I’ve been reading several volumes in Flame Tree Publishing’s Gothic Fantasy series; each anthology collects a number of classic public-domain stories of mystery, horror, science fiction, etc., along with newer stories written especially for the series. The series is a lot of fun, though not without faults (the stories contain a number of misprints, and the newer stories are filled with grammatical errors).
But one feature particularly puzzled me. In the volumes I’ve read so far, the title “Miss” invariably appears with a period after it; for example, “I suppose you mean that you go about all day long with Miss Sybil Merton” becomes “I suppose you mean that you go about all day long with Miss. Sybil Merton.” (And comparison with the original stories confirms that the publisher is adding a period where there was none before.)
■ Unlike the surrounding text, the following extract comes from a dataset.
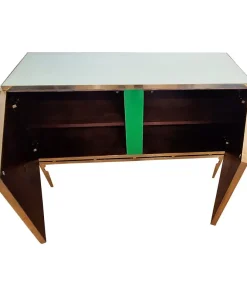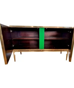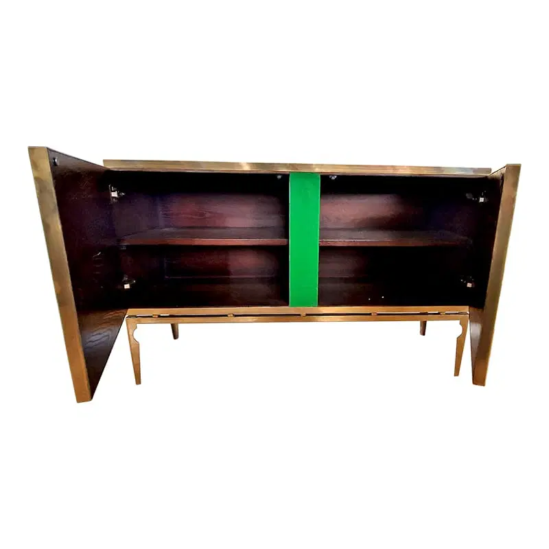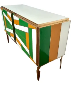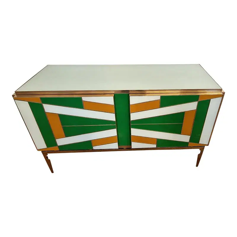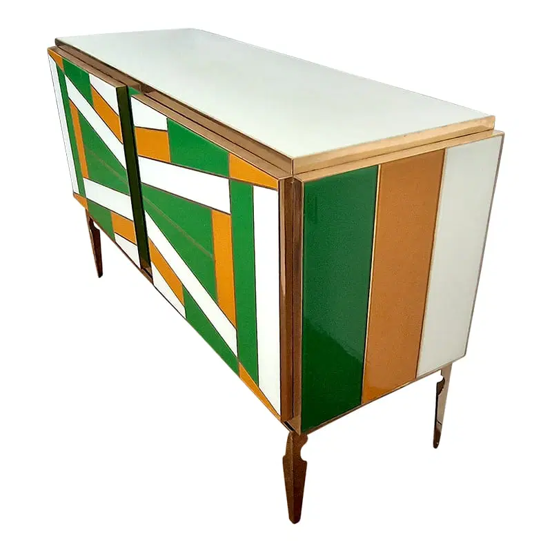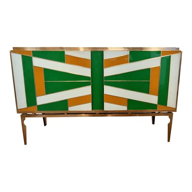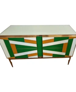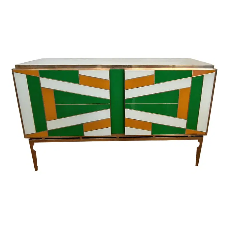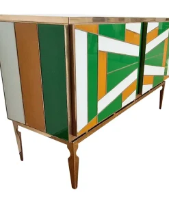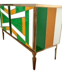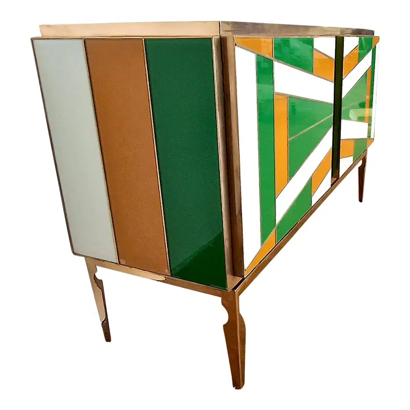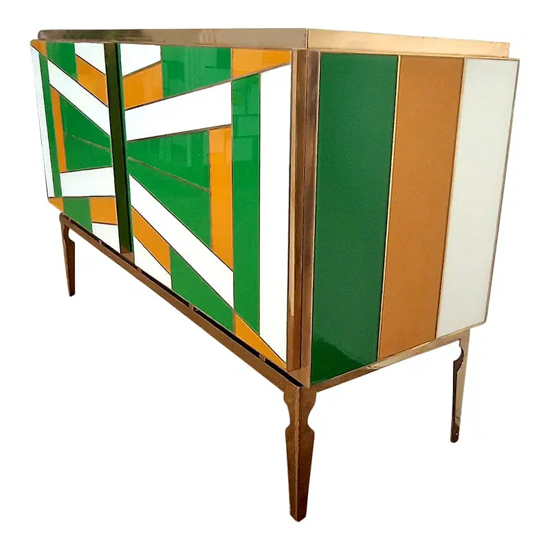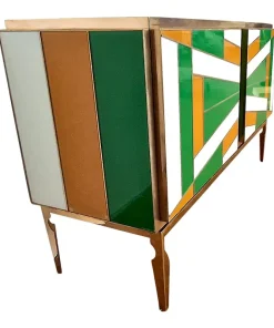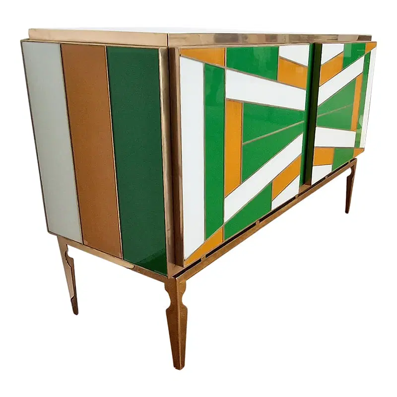 Credenza due ante e ripiano interno, interamente realizzata a mano, con struttura in legno rivestita in vetro verde, arancio, bianco; profili, piedi in ottone dorato. Ante push pull.

I think I’ve figured it out, though.
In contemporary British usage, abbreviated titles that end with the same letter as the unabbreviated title do not use a period (or, in British usage, a “full stop”), while in American usage they do. Thus where Americans would write “Mrs. Jones met Dr. Smith,” their British counterparts would write “Mrs Jones met Dr Smith.”
Yet although Flame Tree Publishing is a British press, these anthologies follow American usage with abbreviated titles. I suspect that’s because they’re marketed more for the American than for the British market (my local Books-a-Million carries large stacks of them).
So my guess is that the publisher, noting that Americans put a period after all abbreviated titles, and forgetting that “Miss” is not an abbreviation, must have assumed that those crazy Americans put a period after “Miss” as well, and duly did so throughout in order to conform to the supposed American usage.
Brilliant.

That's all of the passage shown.